The Burlington County Parks System held its Spring Frog Walk Series – one of many nature programs offered by the parks department – earlier this month at Smithville Historic Park.
Dr. Carlos Martinez Rivera, curator of living collections at the DaVinci Science Center, took residents on a journey to look for and hear amphibian species in the wetlands.
Naturalist Jen Bulava explained how back in 2021, the parks department partnered with local experts to diversify its offerings for the public. Bulava had already known Martinez through working with the Pinelands Preservation Alliance, where he was working as a scientist. Fast forward to that same year when Martinez started leading the Spring Frog Walk Series, a program that’s grown successful fast.
“It’s really nice to have another scientist that is maybe representing a different organization, and they can bring something different to the topics and the presentation that maybe I wouldn’t have thought to cover,” Bulava said of working with Martinez.
While Martinez was studying to receive his PhD in amphibian research, he began working on conservation projects with amphibians. He then landed a job at the Philadelphia Zoo and from there, he worked with endangered amphibians in the near tropics of the Caribbeans and the Tropical Andes. Martinez worked locally in the Philadelphia area, but after that he started working for the Pinelands Preservation Alliance, and then ended up at the DaVinci Science Center.
“To me the main purpose was that as a scientist and as a conservation biologist, the frog species you find in the parks in Smithville and Long Bridge (Long Bridge Park) and other areas are quote on quote, a common species that you would see most places,” Martinez said. “The beauty about it is that it’s what’s here and it’s what’s left.”
According to the county, New Jersey is home to 32 species of toads, frogs, salamanders and newts. Martinez explained why he feels the southern part of the state – specifically the Pine Barrens, wetlands and parks – is unique with its spaces.

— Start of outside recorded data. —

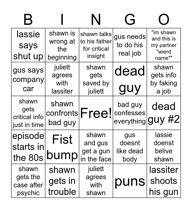 This bingo card has a free space and 24 words: Fist bump, shawn gets in trouble, shawn gets saved by juliett, shawn gets the case after psychic, "im shawn and this is my partner "wierd name"", lassie says shut up, gus says company car, shawn is wrong at the beginning, bad guy confesses everything, shawn and gus get a gun in the face, dead guy, shawn gets critical info just in time, gus doesnt like dead body, lassie doenst belive shawn, juliett agrees with lassiter, puns, dead guy #2, shawn talks to his father for critical insight, shawn gets info by faking a job, shawn confronts bad guy, lassiter shoots his gun, episode starts in the 80s, gus needs to do his real job and juliett agrees with shawn.
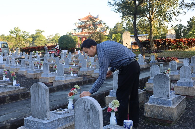 Với tấm lòng thành kính và tri ân sâu sắc đối với công lao to lớn của các anh hùng liệt sỹ đã cống hiến tuổi thanh xuân, dũng cảm chiến đấu, hy sinh vì độc lập, tự do và thống nhất đất nước; Đoàn dâng hương, dâng hoa và kính cẩn thắp hương trên từng phần mộ của các liệt sỹ.
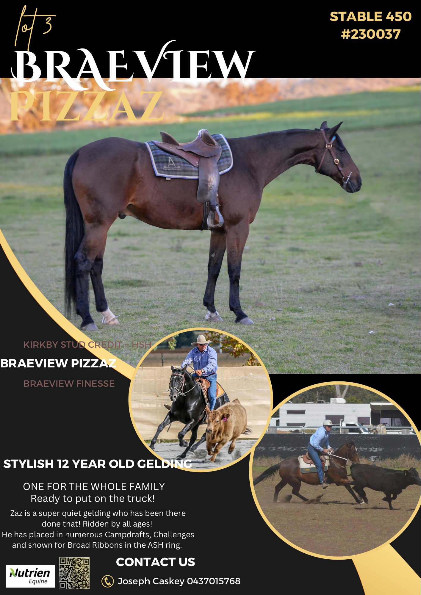 Very rare opportunity to purchase a horse who is truely one for the whole family! Impressive bay 12-year-old Australian Stock Horse Gelding. Zaz has been there done that and has all the miles under his belt. Zaz has established 3 even paces on a collected and loose rein, roll backs and watches/ tracks a beast well. He is well seasoned placing in many campdrafts, challenges and shown for broad ribbons in the ASH ring. Zaz has been ridden by all age groups and all riding levels, would make a super competitive teen/ladies mount with enough in the tank for dad to have a few runs on as well!! Bred in the purple being sired by KIRBYS STUD CREDIT who goes back to Adios reflect, Abby and Abdul. Out of BRAEVIEW FINESSE who goes back to Peppys Doc Bar and Abby just to name a few! Zaz is good to catch, shoe, wash, rug, clip, lead off bike and self loads both into the truck and float. Zaz is athletically built standing approximately at 16 hands and is great after a spell, just get on and go! More photos and videos to come, please contact Joseph on 0437015768 or inbox us for more details.
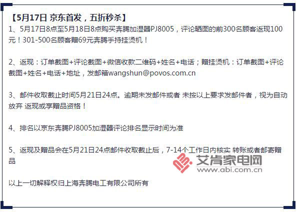 有了各種前沿技術(shù)的加碼,新品價格自然會貴一些,相信這也是不少消費(fèi)者的顧慮,但此番PJ8005加濕器的上市,POVOS奔騰想打破這一魔咒,想把上加水這一創(chuàng)新產(chǎn)品,普及給更多消費(fèi)者。只需在5月17日上午8點(diǎn)京東首發(fā)前,提前預(yù)約,即可享五折優(yōu)惠!而且,凡是在首發(fā)當(dāng)天、24小時之內(nèi)搶購,評論曬圖的前300名顧客均可返現(xiàn)100元,301-500名的顧客可贈69元奔騰手持掛燙機(jī)!
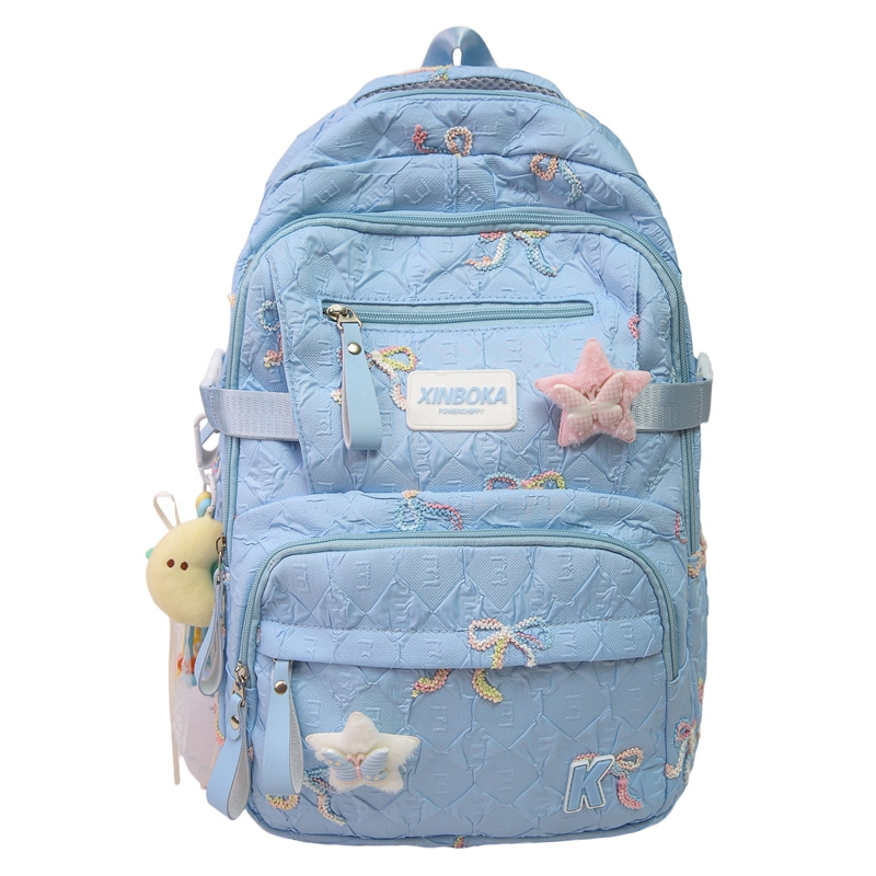 书包大学生女初高中高颜值轻便大容量双肩包起皱绣线蝴蝶结背包
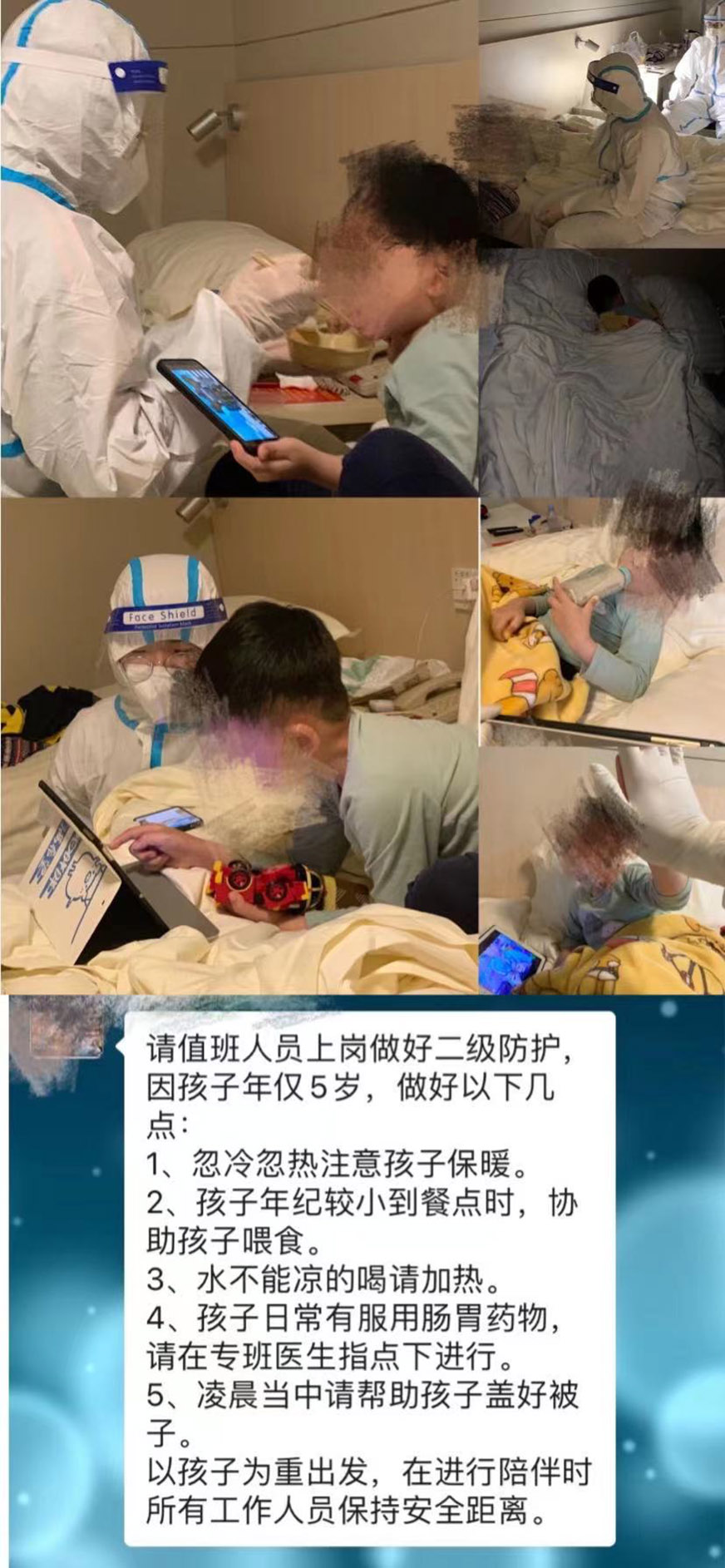 今年4月份,一名年僅5歲的小朋友獨自搭乘飛機到廈門中轉(zhuǎn),分流到隔離酒店接受隔離觀察,在沒有辦法獨自生活自理的情況下,防疫工作人員充當(dāng)起“臨時保姆”,在保證工作人員安全的前提下照顧、陪伴小朋友。

“You have the Pine Barrens or the Pinelands, which is this very unique habitat that makes you feel that you’re somewhere in the south,” he said. “… It’s this solitude of mainly pines that to the untrained eye looks pretty but it looks barren … It looks more of the same.
“As you start looking to what’s actually there and if you know what’s supposed to be in different areas, you realize that it’s such a high diversity of species and such a unique habitat.
“In the area that we are in right now … It has a lot of history attached to the ecology and ecosystems you see,” Martinez said of the Smithville Historic Park. “You can see that what we have, in a way it’s what’s left, but it’s also what’s coming back. It’s a unique mix of things you can see.”
Martinez encourages anyone who has yet to attend the frog walk series to do so, given it’s an opportunity to see nature in a different way.
“It’s also another way to let people know that these parks are here for us to enjoy and if the residents are living in the county, they’re paying for it, it’s theirs because it’s their money being used for this,” he said. “It’s one way that you can enjoy nature, and see how it’s being protected and why it’s being protected and what it offers to you.”